Why not AVL? Because it maintains too much order in a structure. Too much order means, too much effort went into maintaining that order. The less order we can get away with, the better - it will usually translate to faster operations. For example, RBTs are better than AVL trees. RBTs, red-black trees, are almost balanced trees - they save operations while still ensuring O(log(n)) time.
But any tree is totally-ordered structure, so heaps are generally better, because they only ensure that the minimal element is on top. They are only partially ordered.
Because in a binary heap the minimum element is the root.
I am interested in implementing a priority queue to enable an efficient Astar implementation that is also relatively simple (the priority queue is simple I mean).

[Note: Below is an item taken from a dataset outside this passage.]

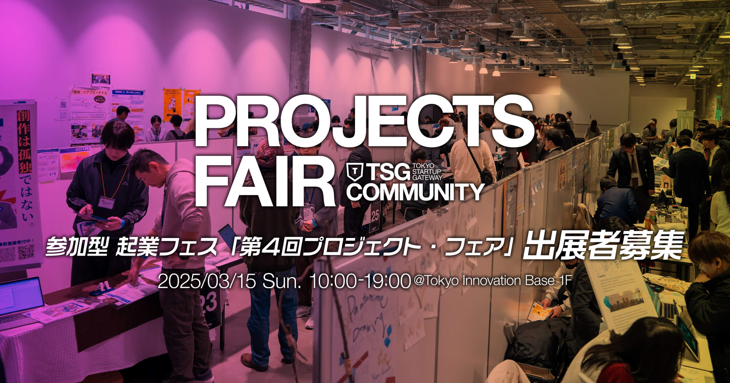 プロジェクト・フェアは、起業を志すメンバーが現在取り組んでいるプロジェクトやアイデアを持ち寄り、実験し、次の一歩を見つけるための参加型起業フェスです。

It seems that because a Skip List offers a simple O(1) extract-Min operation and an insert operation that is O(Log N) it may be competitive with the more difficult to implement Fibonacci Heap which has O(log N) extract-Min and an O(1) insert. I suppose that the Skip-List would be better for a graph with sparse nodes whereas a Fibonacci heap would be better for an environment with more densely connected nodes.
This would probably make the Fibonacci Heap usually better, but am I correct in assuming that Big-Oh wise these would be similar?
The raison d'etre of the Fibonacci heap is the O(1) decrease-key operation, enabling Dijkstra's algorithm to run in time O(|V| log |V| + |E|). In practice, however, if I needed an efficient decrease-key operation, I'd use a pairing heap, since the Fibonacci heap has awful constants. If your keys are small integers, it may be even better just to use bins.
Fibonacci heaps are very very very slow except for very very very very large and dense graphs (on the order of hundreds of millions of edges). They are also notoriously difficult to implement correctly.
On the other hand, skip lists are very nice data structures and relatively simple to implement.
However I wonder why you're not considering using a simple binary heap. I believe binary heaps-based priority queues are even faster than skip list-based priority queues. Skip lists are mainly used to take advantage of concurrency.